(Records from a data collection)
=-=-=-=-=

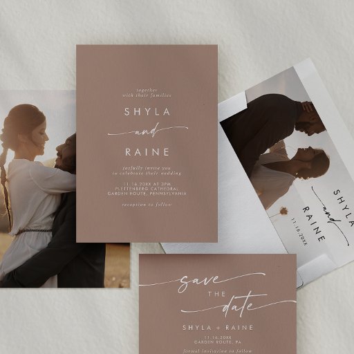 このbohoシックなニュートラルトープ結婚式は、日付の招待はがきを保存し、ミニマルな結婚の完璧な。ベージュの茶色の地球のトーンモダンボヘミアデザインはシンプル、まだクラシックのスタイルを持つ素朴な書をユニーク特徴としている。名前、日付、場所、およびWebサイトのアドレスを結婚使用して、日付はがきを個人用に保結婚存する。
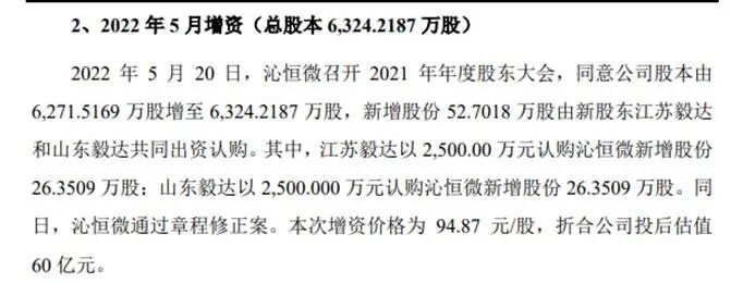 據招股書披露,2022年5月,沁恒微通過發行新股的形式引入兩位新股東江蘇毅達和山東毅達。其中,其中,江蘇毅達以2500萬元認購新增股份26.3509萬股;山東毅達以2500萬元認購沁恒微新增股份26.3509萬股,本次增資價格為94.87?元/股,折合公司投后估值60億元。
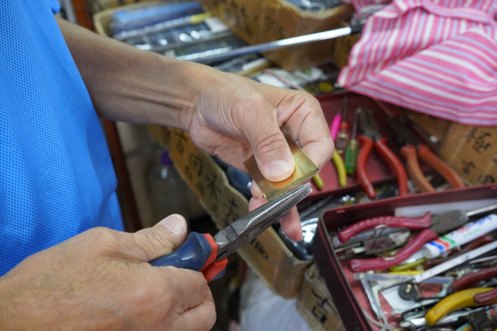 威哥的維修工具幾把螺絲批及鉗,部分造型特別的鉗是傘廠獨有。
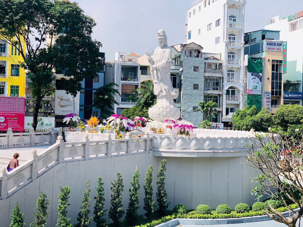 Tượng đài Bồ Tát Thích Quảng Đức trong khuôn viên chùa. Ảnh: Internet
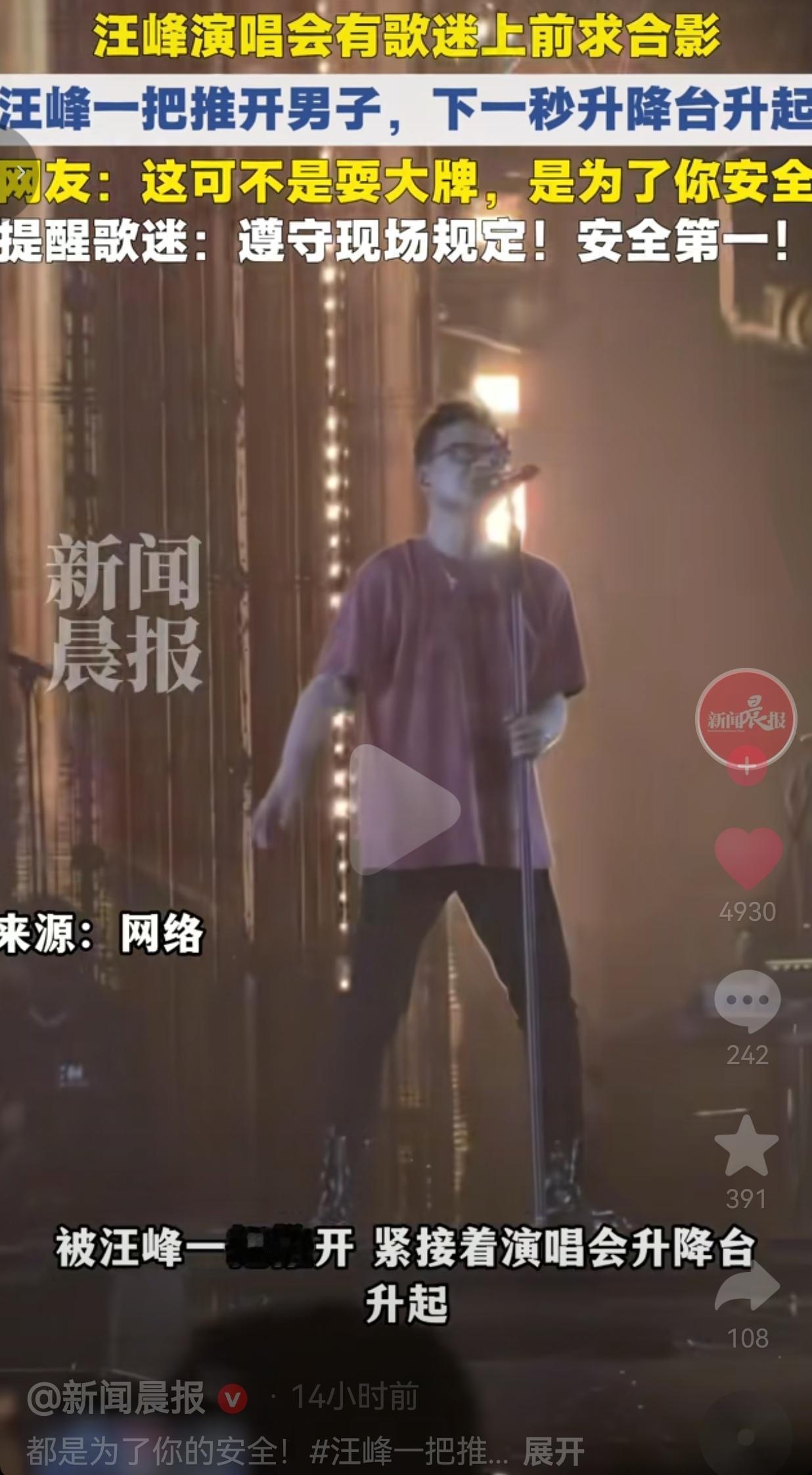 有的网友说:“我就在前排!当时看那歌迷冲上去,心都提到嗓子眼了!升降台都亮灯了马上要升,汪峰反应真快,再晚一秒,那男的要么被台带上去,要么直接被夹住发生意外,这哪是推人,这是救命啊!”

=-=-=-=-=

• WHAT YOU NEED TO DO:
Please transcribe word for word the lines from the one bearing "威哥的維修工具幾把螺絲批及鉗,部分造型特別的鉗是傘廠獨有。" through the last line of the records above, omitting the pictures.

• RESULT:
 威哥的維修工具幾把螺絲批及鉗,部分造型特別的鉗是傘廠獨有。
 Tượng đài Bồ Tát Thích Quảng Đức trong khuôn viên chùa. Ảnh: Internet
 有的网友说:“我就在前排!当时看那歌迷冲上去,心都提到嗓子眼了!升降台都亮灯了马上要升,汪峰反应真快,再晚一秒,那男的要么被台带上去,要么直接被夹住发生意外,这哪是推人,这是救命啊!”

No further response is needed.